* _Provided records_
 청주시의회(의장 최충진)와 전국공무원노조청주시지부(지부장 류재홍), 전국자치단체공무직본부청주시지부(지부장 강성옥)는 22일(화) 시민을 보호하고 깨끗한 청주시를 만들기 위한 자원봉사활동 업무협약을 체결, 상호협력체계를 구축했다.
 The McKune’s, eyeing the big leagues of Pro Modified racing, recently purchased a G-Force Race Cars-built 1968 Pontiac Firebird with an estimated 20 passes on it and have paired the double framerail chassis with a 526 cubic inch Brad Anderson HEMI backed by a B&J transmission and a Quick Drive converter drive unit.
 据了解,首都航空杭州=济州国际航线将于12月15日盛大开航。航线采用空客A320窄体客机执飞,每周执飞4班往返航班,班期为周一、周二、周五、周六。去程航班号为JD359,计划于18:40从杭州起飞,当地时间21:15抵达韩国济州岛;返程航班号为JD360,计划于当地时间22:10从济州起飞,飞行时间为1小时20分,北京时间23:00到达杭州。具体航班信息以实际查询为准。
==
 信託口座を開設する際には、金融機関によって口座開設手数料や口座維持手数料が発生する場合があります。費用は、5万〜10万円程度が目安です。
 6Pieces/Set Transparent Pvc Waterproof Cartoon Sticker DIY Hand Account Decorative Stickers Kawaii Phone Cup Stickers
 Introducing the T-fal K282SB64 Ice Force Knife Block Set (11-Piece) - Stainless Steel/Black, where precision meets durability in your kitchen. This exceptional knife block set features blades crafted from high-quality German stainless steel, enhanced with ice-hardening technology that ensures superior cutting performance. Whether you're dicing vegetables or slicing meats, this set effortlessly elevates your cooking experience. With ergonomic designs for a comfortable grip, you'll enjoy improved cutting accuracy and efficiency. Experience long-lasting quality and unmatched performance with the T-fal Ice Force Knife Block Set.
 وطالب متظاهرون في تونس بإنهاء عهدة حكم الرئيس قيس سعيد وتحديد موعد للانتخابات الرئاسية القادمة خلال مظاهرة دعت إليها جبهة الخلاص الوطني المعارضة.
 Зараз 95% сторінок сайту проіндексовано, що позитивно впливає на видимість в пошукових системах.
==
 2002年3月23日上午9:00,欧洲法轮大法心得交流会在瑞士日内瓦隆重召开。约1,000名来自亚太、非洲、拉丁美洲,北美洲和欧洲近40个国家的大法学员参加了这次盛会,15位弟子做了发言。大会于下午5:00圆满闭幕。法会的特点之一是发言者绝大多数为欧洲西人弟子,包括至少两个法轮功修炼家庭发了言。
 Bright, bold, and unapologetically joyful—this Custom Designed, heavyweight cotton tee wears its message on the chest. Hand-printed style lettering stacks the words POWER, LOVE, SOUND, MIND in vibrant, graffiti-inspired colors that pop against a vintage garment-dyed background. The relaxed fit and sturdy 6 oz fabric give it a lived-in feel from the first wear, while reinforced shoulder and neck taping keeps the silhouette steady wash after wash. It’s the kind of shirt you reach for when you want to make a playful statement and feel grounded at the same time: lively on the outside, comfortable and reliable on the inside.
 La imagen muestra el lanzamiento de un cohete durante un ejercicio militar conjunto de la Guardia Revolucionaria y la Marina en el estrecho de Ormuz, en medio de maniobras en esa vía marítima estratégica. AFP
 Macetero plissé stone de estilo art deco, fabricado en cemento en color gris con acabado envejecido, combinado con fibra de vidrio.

* _Problem to solve_
Determine how many lines of the listing above hold the word "Hand". Report that number without anything else.

* _Answer for the task_
2